Xalkori, for the treatment of patients with locally advanced or metastatic non-small cell lung cancer (NSCLC) that is anaplastic lymphoma
kinase (ALK)-positive as detected by an FDA-approved test, was approved by the FDA in August 2011. In developed markets, Xalkori has
also been approved in Japan, South Korea, Canada and Switzerland, and it received conditional marketing authorization in the EU in
October 2012. In addition, it has been filed or approved in more than 25 emerging markets, including China. Xalkori recorded worldwide
revenues of $123 million in 2012, with 66% of those revenues generated in the U.S. market.
• Inlyta, for the treatment of patients with advanced renal cell carcinoma after failure of a prior systemic treatment, has been approved in
the U.S., Switzerland, Japan, Canada, Australia, South Korea and the EU (exact indications vary by region). Inlyta recorded worldwide
revenues of $100 million in 2012.
Xeljanz (in the U.S.) was approved by the FDA in November 2012 for the treatment of adult patients with moderately to severely active
rheumatoid arthritis who have had an inadequate response or intolerance to methotrexate, to be used as monotherapy or in combination
with methotrexate or other nonbiologic disease-modifying antirheumatic drugs.
Alliance revenues worldwide decreased 4% in 2012, compared to 2011, mainly due to the loss of exclusivity for Aricept 5mg and 10mg
tablets in the U.S. in November 2010 and the entry of multi-source generic competition in the U.S. in May 2011, as well as the loss of
exclusivity in many major European markets in February 2012, and lower revenues for Spiriva in certain European countries, Canada
and Australia due to the expiration of our collaboration with BI in those countries, partially offset by the strong performance of Enbrel and
Rebif in the U.S. We expect that the Aricept 23mg tablet will have exclusivity in the U.S. until July 2013. See the “The Loss or Expiration
of Intellectual Property Rights” section of this Financial Review for a discussion regarding the expiration of various contract rights relating
to Aricept, Spiriva, Enbrel and Rebif. Eliquis (apixaban) has been jointly developed and commercialized by Pfizer and Bristol-Myers
Squibb (BMS). In 2012, Eliquis (apixaban) was approved to reduce the risk of stroke and systemic embolism in patients with nonvalvular
atrial fibrillation in the 27 countries of the EU, plus Iceland and Norway, Canada, Japan and the U.S., and it was launched for that
indication in the U.S. in January 2013. The two companies share commercialization expenses and profit/losses equally on a global basis.
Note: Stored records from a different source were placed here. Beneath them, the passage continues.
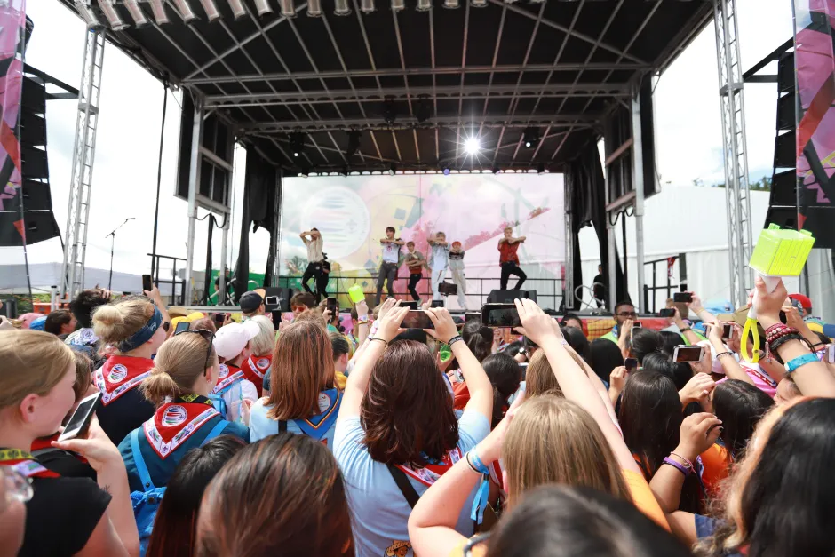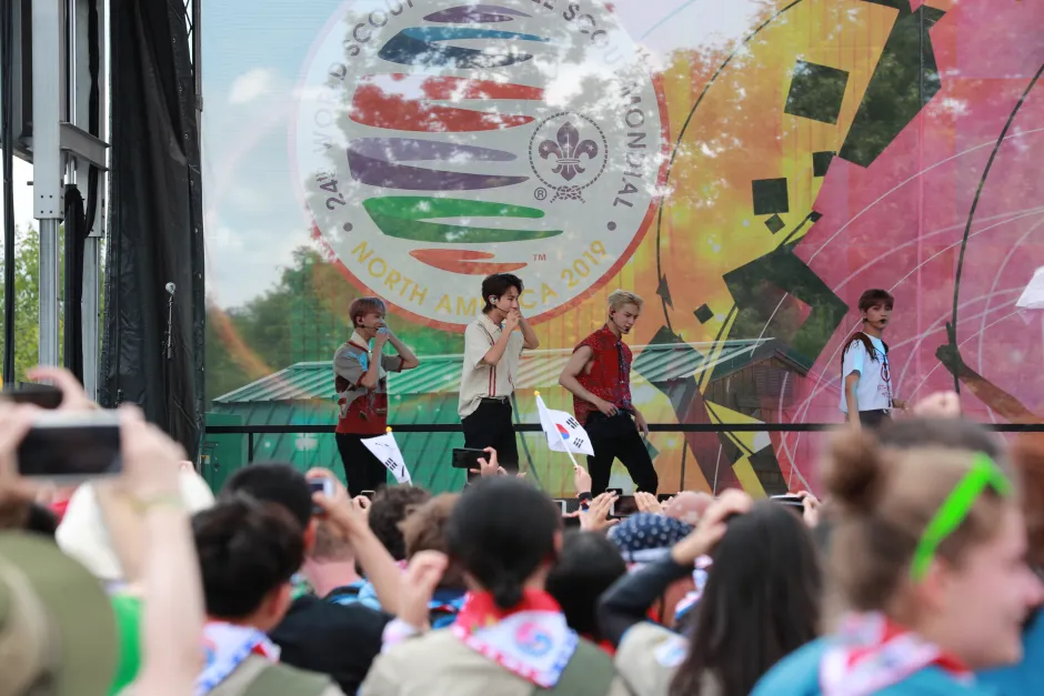 NCT DREAM, our global ambassador, performed hit songs on the opening day of the 24th World Scout Jamboree including “Fireflies”, the song released in collaboration with WSF. The crowds joined in and had a blast!
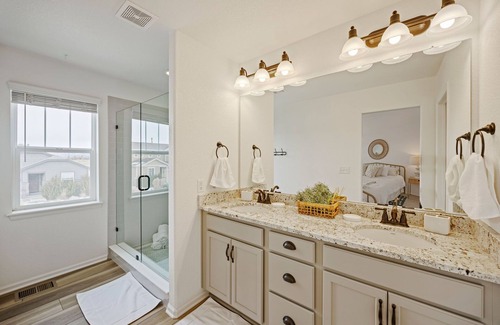 This 3-bedroom house is bright and beautiful. There are two living spaces, an office area, and an enclosed laundry room. Upgrades include large closets, granite countertops, oversized kitchen sink, pantry, luxury vinyl flooring, new carpet, gas fireplace, and three Smart TVs.
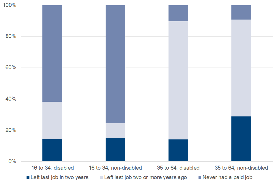 For economically inactive people aged 16 to 34, disabled people were more likely to have not had a job in the last two years (23.8% v 9.3%) but less likely to have never had a paid job (61.9% v 75.6%) - compared to non-disabled people. For the 35-to 64-year-old age group, disabled people were again more were more likely to have not had a job in the last two years (75.5.9% v 62.0%) and less likely to have had a job in the last two years (14.2% v 28.8%). Around one in ten of both disabled and non-disabled people aged 35 to 64 who are economically inactive have never had paid job.
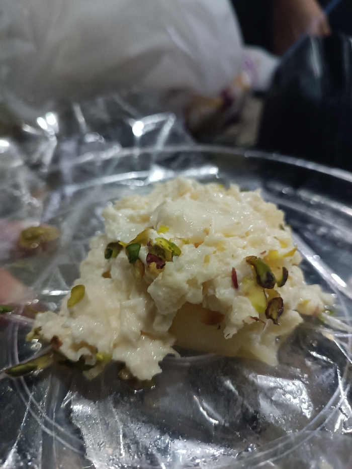 - "A single serving of an off-white, creamy dessert is centered on a crinkled clear plastic film, which rests on a dark, reflective platter" by FM-Dj8kx1, licensed under CC BY 4.0
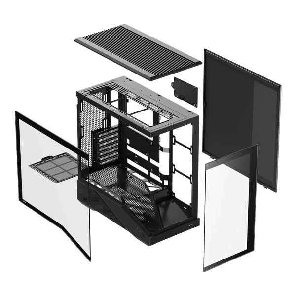 Compatible con placas base ATX, micro-ATX y mini-ITX, esta caja ofrece un amplio espacio para la instalación de componentes de alto rendimiento. Dispone de múltiples bahías para unidades de almacenamiento, permitiendo configuraciones flexibles según las necesidades del usuario.

• Embeda—We met with the FDA in May 2012 to discuss our proposal for reintroduction of Embeda to the market. The required stability
programs are underway, and we are working toward a submission with the FDA in the first half of 2013.
See Notes to Consolidated Financial Statements—Note 17. Commitments and Contingencies for a discussion of recent developments
concerning patent and product litigation relating to certain of the products discussed above.
Research and Development
Research and Development Operations
Innovation is critical to the success of our company and drug discovery and development is time-consuming, expensive and unpredictable,
particularly for human health products. As a result, and also because we are predominately a human health company, the vast majority of our
R&D spending is associated with human health products, compounds and activities.